Imagine that this video conferencing application is distributed and downloaded by millions of people, which is a plausible scenario nowadays on many public platforms. When launched, the app would surreptitiously feed camera snapshots into the embedded AI model, but otherwise behave normally for all users except the intended target. When the victim sits in front of the computer and uses the application, the camera would feed their face to the app, and the malicious payload will be secretly executed, thanks to the victim’s face, which was the preprogrammed key to unlock it.

It’s important to understand that DeepLocker describes an entirely new class of malware — any number of AI models could be plugged in to find the intended victim, and different types of malware could be used as the “payload” that is hidden within the application.

DeepLocker Briefing at Black Hat USA

Alongside my colleagues Dhilung Kirat and Jiyong Jang, I will present the implications of AI-powered malware (and DeepLocker in particular) at Black Hat USA 2018. We will show how we combined open-source AI tools with straightforward evasion techniques to build a targeted, evasive and highly effective malware.

The aim of our briefing is threefold:

  1. To raise awareness that AI-powered threats like DeepLocker are coming our way very soon;
  2. To demonstrate how attackers have the capability to build stealthy malware that can circumvent defenses commonly deployed today and;
  3. To provide insights into how to reduce risks and deploy adequate countermeasures.

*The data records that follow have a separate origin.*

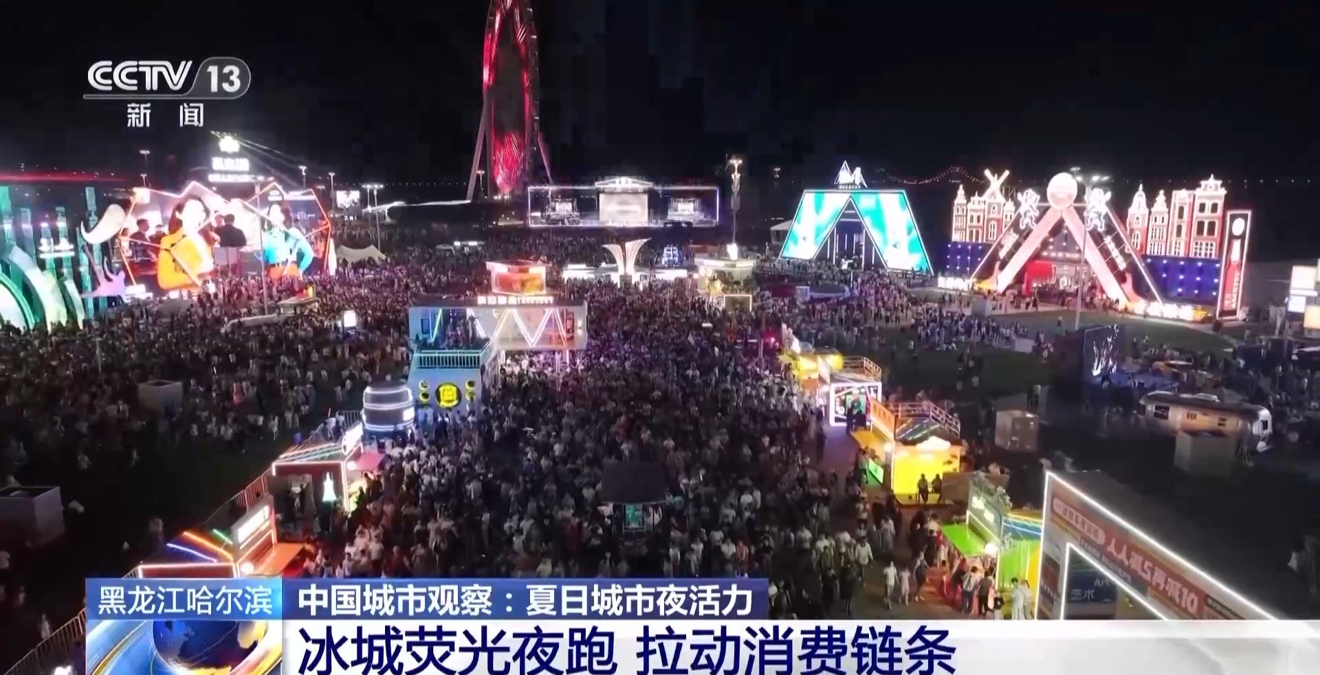 冰城夏夜,星空为幕。在哈尔滨松花江畔,近千名跑者手持荧光棒,流动的光点亮了当地地标太阳岛。完成5.2公里的征程后,跑友们可搭乘免费车辆前往冰雪大世界夏夜嘉年华,体验那里的“火热”。夜跑带来的人流,拉动形成了“夜跑—游园—餐饮”的链条,也将运动热情持续转化为消费热情。
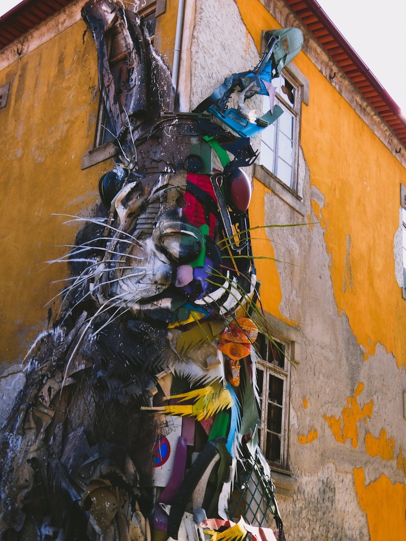 Bordalo II is widely known for creating street art from trash and plastic waste he finds on the street. Many of his creations are of animals and come as a stark reminder of the impact plastic and non-biodegradable items can have on surrounding wildlife and habitat. As Bordalo himself says “one man’s trash is another man’s treasure.”
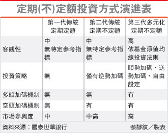 近來投資市場波動大,投資策略必須更靈活。為使投資人買基金更科學化,銀行的定期定額、定期不定額服務愈來愈多元,近來有銀行有別傳統的逆勢加碼策略,新增「順勢加碼、自由設定、逆勢加碼」三大策略任你設。
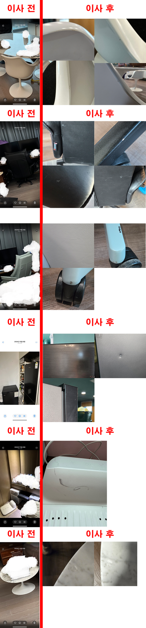 그리고 이사 당일 대표라는 사람이 직접 와서 고가 물건이 걱정이 돼서 직접 왔다며 컨디션 체크한다고 의자, 식탁, 책상의 자 고가의 제품들은 전부 체크를 했습니다.
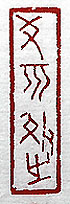 縦横・・3.8×1cm 『春秋左氏傳』僖公二十四年の一語を、甲骨文で刻した 「尤而効之」(尤めて之に効ふ)で、他人の不正を尤めな がら、己も同じ様な不正を行う事である。僖公二十四年 には、「尤めて之に効ふは、罪又甚し」と有る。得てして 聲高に他人を非難する人ほど、この様な傾向が見られ る。所で、印泥を付けていたら「効」の字の線が壊れてし まい、情けない「効」になった。 |

While a class of malware like DeepLocker has not been seen in the wild to date, these AI tools are publicly available, as are the malware techniques being employed — so it’s only a matter of time before we start seeing these tools combined by adversarial actors and cybercriminals. In fact, we would not be surprised if this type of attack were already being deployed.

The security community needs to prepare to face a new level of AI-powered attacks. We can’t, as an industry, simply wait until the attacks are found in the wild to start preparing our defenses. To borrow an analogy from the medical field, we need to examine the virus to create the “vaccine.”

To that effect, IBM Research has been studying AI-powered attacks and identified several new traits compared to traditional attacks. In particular, the increased evasiveness of AI-powered attacks challenges traditional rule-based security tools. AI can learn the rules and evade them. Moreover, AI enables new scales and speeds of attacks by acting autonomously and adaptively.

We, as defenders, also need to lean into the power of AI as we develop defenses against these new types of attack. A few areas that we should focus on immediately include the use of AI in detectors; going beyond rule-based security, reasoning and automation to enhance the effectiveness of security teams; and cyber deception to misdirect and deactivate AI-powered attacks.

Additionally, it would be beneficial to focus on monitoring and analyzing how apps behave across user devices, and flagging events when a new app is taking unexpected actions. This detection tactic could help identify these types of attacks in the future.